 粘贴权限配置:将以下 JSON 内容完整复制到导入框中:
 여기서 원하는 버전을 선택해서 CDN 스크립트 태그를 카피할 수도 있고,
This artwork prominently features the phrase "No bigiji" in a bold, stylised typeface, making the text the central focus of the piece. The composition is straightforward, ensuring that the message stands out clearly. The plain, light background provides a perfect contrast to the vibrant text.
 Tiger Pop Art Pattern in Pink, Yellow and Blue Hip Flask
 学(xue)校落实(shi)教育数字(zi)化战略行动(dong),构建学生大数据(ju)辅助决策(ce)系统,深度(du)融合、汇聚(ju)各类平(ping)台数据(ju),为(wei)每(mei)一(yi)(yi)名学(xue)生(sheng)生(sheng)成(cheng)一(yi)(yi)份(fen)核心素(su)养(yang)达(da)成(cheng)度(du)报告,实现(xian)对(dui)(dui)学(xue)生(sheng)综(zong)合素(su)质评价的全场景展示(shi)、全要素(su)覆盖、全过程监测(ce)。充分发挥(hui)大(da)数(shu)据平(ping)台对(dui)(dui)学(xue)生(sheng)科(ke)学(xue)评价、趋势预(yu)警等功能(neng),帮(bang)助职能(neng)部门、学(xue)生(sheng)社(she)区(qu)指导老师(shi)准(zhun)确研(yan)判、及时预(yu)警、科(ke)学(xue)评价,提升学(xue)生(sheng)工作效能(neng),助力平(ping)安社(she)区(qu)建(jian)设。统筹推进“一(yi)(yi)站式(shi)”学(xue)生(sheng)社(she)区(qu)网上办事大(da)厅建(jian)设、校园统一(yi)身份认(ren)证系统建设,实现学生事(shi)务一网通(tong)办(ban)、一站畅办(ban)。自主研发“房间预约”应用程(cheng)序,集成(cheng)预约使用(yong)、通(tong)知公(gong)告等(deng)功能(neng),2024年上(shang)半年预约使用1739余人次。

****************

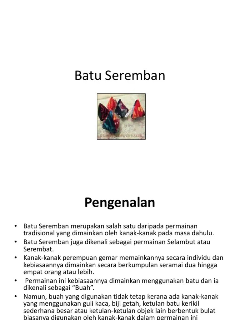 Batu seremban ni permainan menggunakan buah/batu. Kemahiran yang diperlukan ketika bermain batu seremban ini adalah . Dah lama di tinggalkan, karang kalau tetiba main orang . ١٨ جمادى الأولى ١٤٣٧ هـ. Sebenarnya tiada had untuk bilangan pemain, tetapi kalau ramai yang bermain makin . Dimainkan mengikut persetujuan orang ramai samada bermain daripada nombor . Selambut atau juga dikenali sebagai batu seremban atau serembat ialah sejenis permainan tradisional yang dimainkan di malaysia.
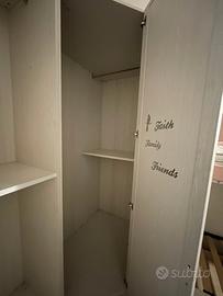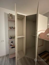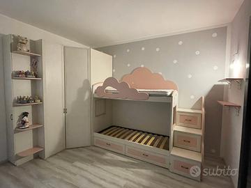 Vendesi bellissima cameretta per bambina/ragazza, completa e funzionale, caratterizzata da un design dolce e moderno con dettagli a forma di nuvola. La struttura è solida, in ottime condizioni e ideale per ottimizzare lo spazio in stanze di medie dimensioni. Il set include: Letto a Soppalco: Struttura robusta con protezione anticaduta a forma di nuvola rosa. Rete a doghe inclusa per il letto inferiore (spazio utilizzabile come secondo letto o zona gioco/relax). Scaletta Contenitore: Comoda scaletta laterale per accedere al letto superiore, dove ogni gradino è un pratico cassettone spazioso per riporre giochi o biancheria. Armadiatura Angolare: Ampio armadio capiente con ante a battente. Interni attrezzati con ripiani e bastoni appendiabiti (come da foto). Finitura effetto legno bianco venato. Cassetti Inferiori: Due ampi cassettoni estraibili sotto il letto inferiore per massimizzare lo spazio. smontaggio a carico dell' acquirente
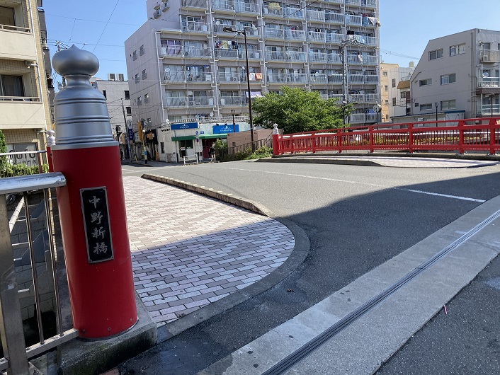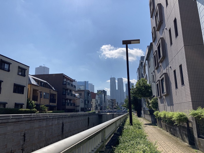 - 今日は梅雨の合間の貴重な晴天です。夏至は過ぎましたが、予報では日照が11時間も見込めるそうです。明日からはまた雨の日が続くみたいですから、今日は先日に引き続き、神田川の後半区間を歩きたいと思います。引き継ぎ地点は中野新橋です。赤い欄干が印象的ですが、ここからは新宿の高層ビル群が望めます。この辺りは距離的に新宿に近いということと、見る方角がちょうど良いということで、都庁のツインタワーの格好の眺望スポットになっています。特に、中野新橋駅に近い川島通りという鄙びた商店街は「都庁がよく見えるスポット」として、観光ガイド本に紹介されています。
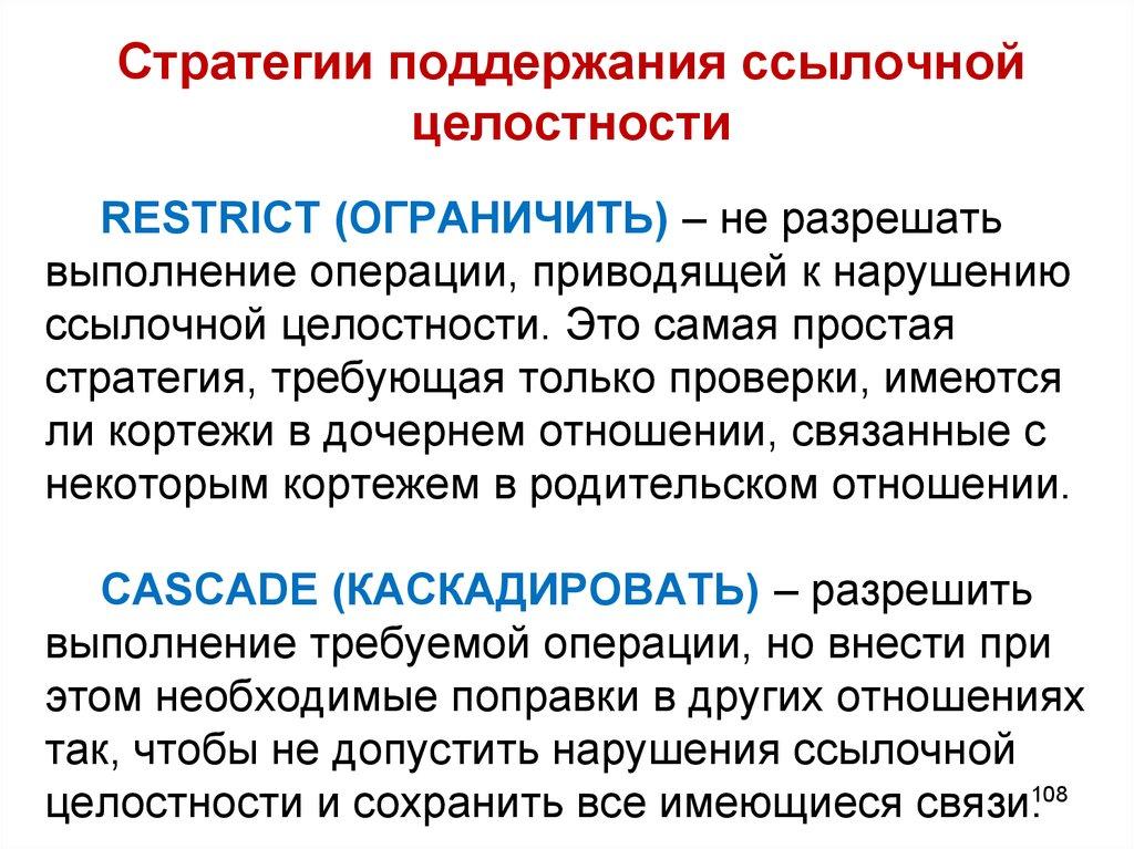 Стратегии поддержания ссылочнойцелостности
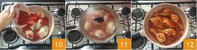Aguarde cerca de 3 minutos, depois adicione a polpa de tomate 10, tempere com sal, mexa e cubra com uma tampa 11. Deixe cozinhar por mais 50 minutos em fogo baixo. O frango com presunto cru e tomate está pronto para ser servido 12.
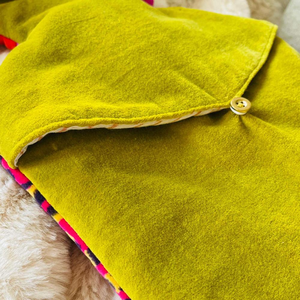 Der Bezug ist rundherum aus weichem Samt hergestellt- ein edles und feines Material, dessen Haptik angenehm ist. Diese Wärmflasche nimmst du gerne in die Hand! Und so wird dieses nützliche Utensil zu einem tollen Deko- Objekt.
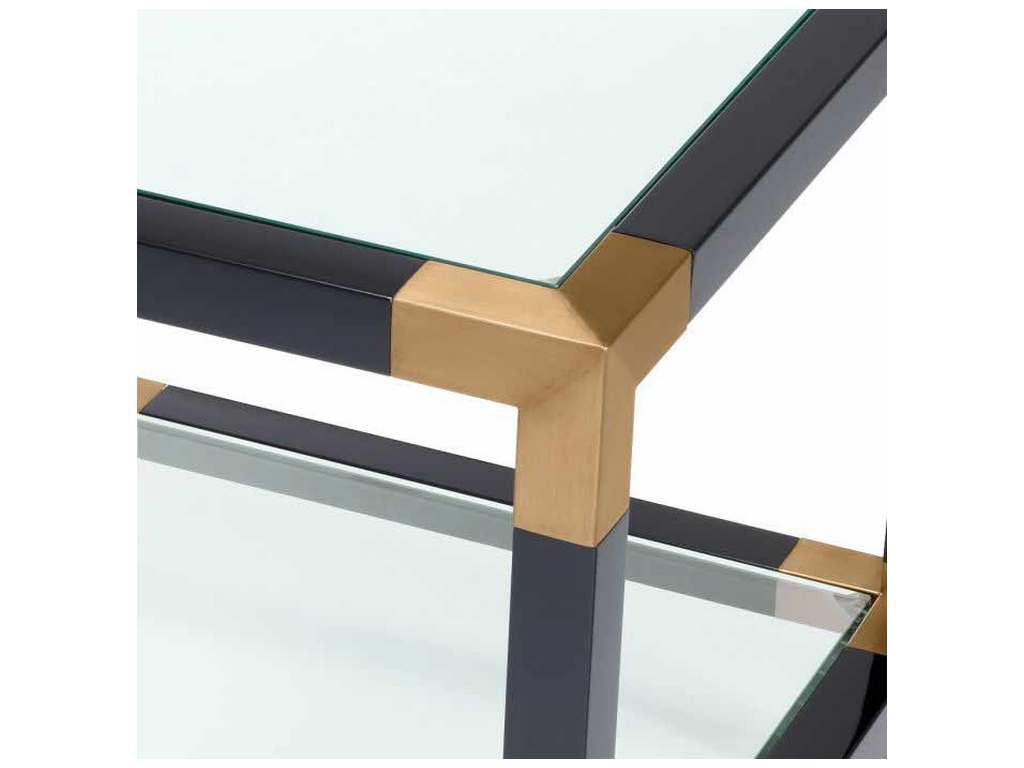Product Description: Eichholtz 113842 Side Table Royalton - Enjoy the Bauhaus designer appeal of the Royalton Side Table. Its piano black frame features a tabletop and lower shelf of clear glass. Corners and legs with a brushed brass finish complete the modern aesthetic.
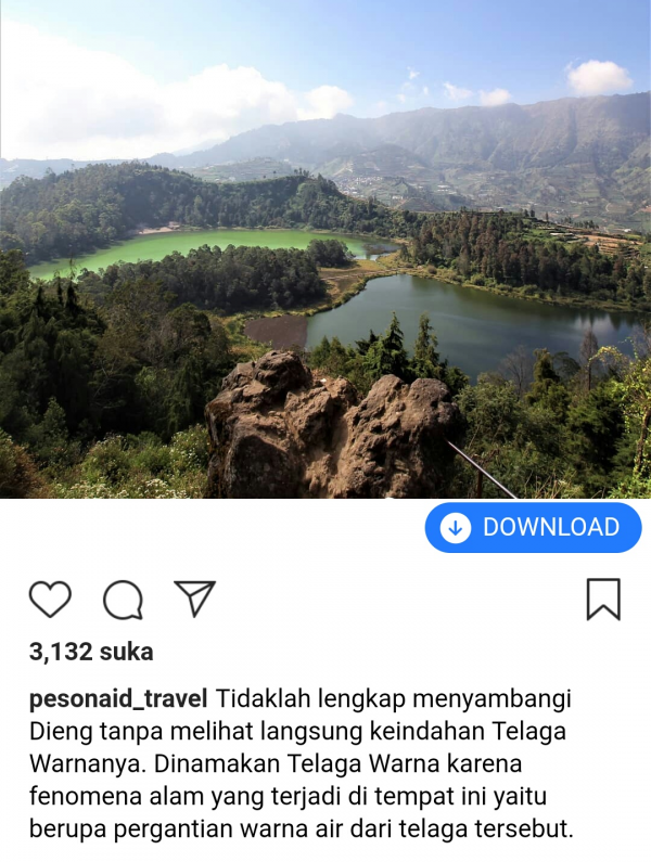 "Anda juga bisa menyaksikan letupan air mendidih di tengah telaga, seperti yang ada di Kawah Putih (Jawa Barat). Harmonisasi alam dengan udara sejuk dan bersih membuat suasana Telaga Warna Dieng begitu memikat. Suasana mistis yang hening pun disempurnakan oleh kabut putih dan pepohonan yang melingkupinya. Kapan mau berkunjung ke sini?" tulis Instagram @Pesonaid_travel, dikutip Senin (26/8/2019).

****************

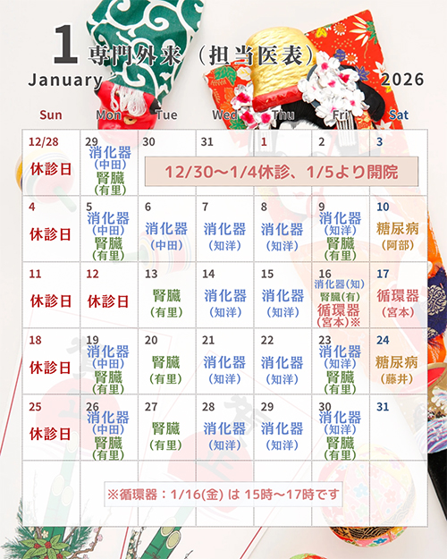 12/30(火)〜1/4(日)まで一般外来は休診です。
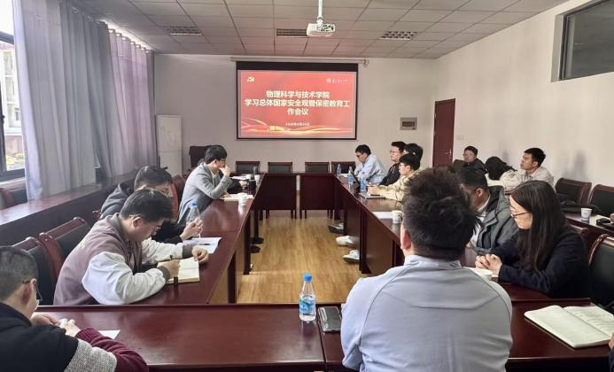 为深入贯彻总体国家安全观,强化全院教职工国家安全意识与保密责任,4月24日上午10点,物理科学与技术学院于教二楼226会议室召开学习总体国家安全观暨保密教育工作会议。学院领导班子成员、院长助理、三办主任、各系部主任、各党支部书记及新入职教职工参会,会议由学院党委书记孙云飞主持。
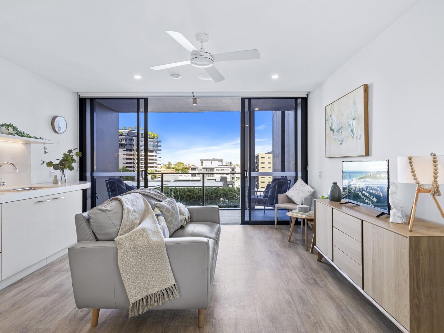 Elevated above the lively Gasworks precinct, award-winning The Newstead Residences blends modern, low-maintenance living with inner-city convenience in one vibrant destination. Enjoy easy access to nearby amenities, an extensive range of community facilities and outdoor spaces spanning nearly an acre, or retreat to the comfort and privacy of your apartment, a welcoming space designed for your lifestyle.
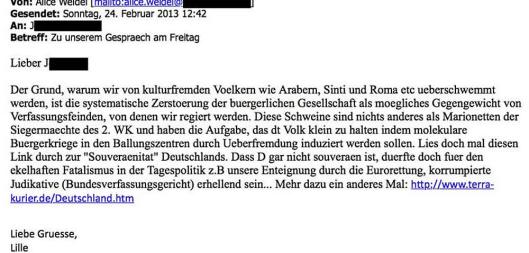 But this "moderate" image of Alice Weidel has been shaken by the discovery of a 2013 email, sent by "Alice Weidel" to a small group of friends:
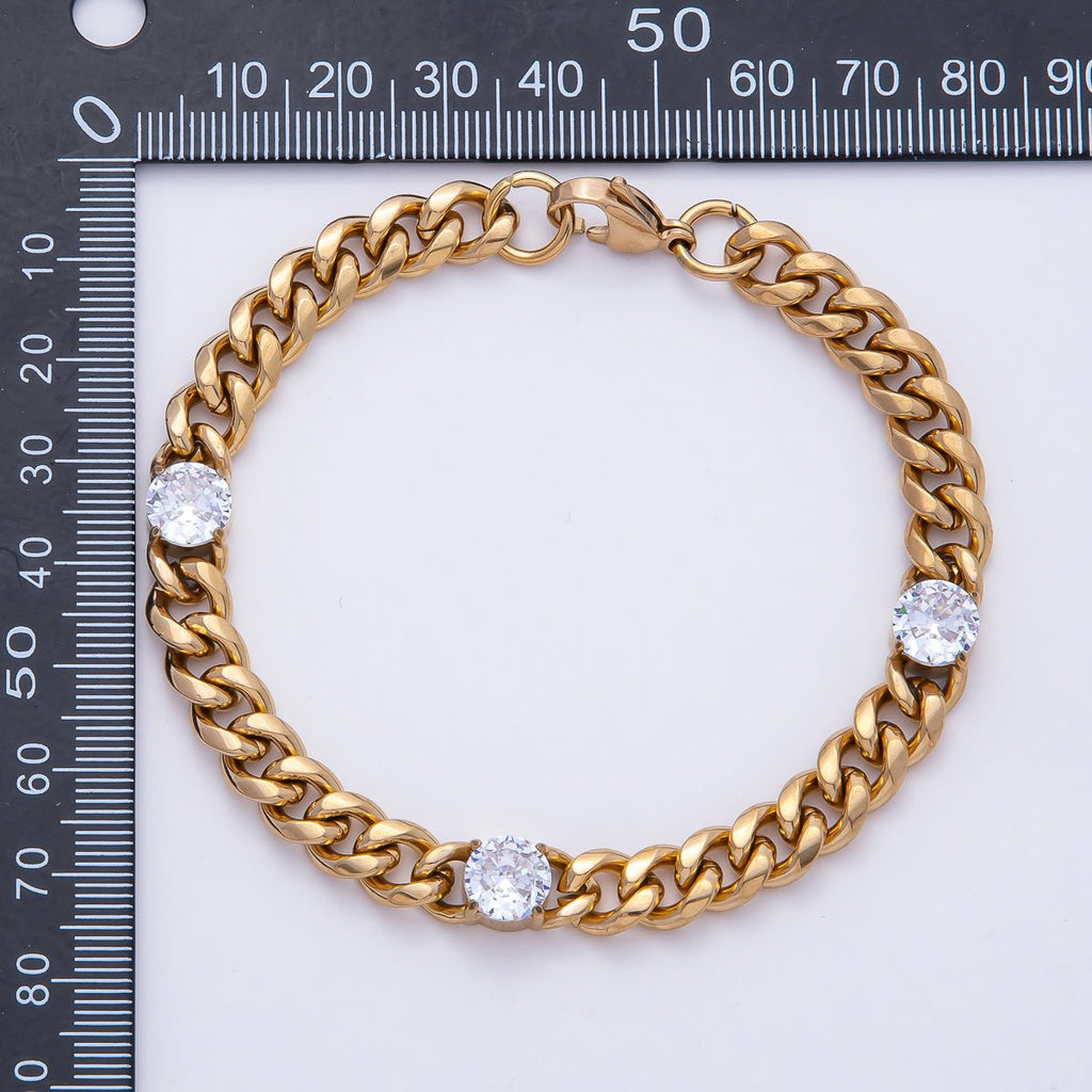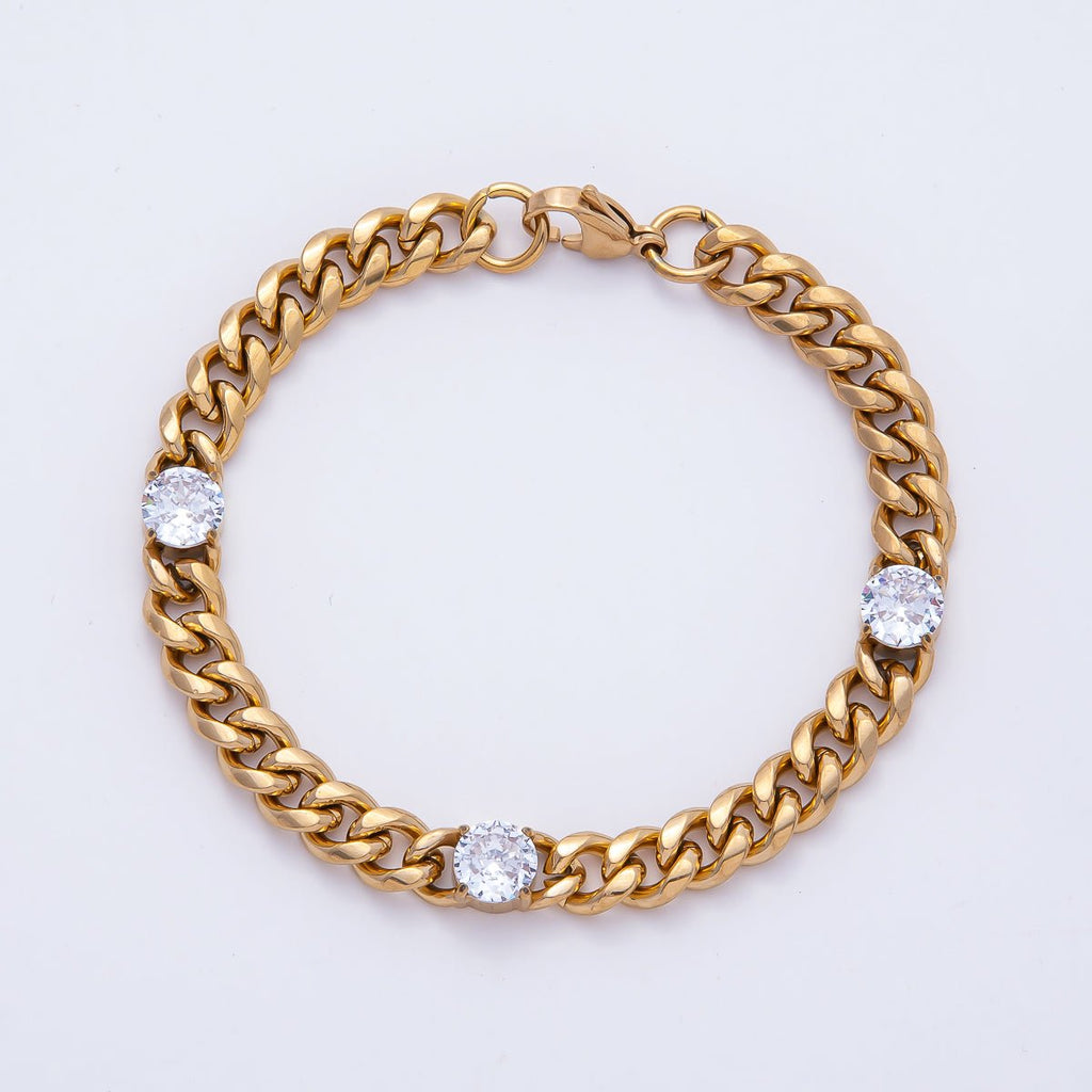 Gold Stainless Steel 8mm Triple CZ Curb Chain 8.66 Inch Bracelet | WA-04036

****************

[Exercise]
Within the entries above, the lines from the one containing "12/30(火)〜1/4(日)まで一般外来は休診です。" through the one containing "为深入贯彻总体国家安全观,强" are to be transcribed exactly, ends included, pictures excluded.

[Exercise response]
 12/30(火)〜1/4(日)まで一般外来は休診です。
 为深入贯彻总体国家安全观,强化全院教职工国家安全意识与保密责任,4月24日上午10点,物理科学与技术学院于教二楼226会议室召开学习总体国家安全观暨保密教育工作会议。学院领导班子成员、院长助理、三办主任、各系部主任、各党支部书记及新入职教职工参会,会议由学院党委书记孙云飞主持。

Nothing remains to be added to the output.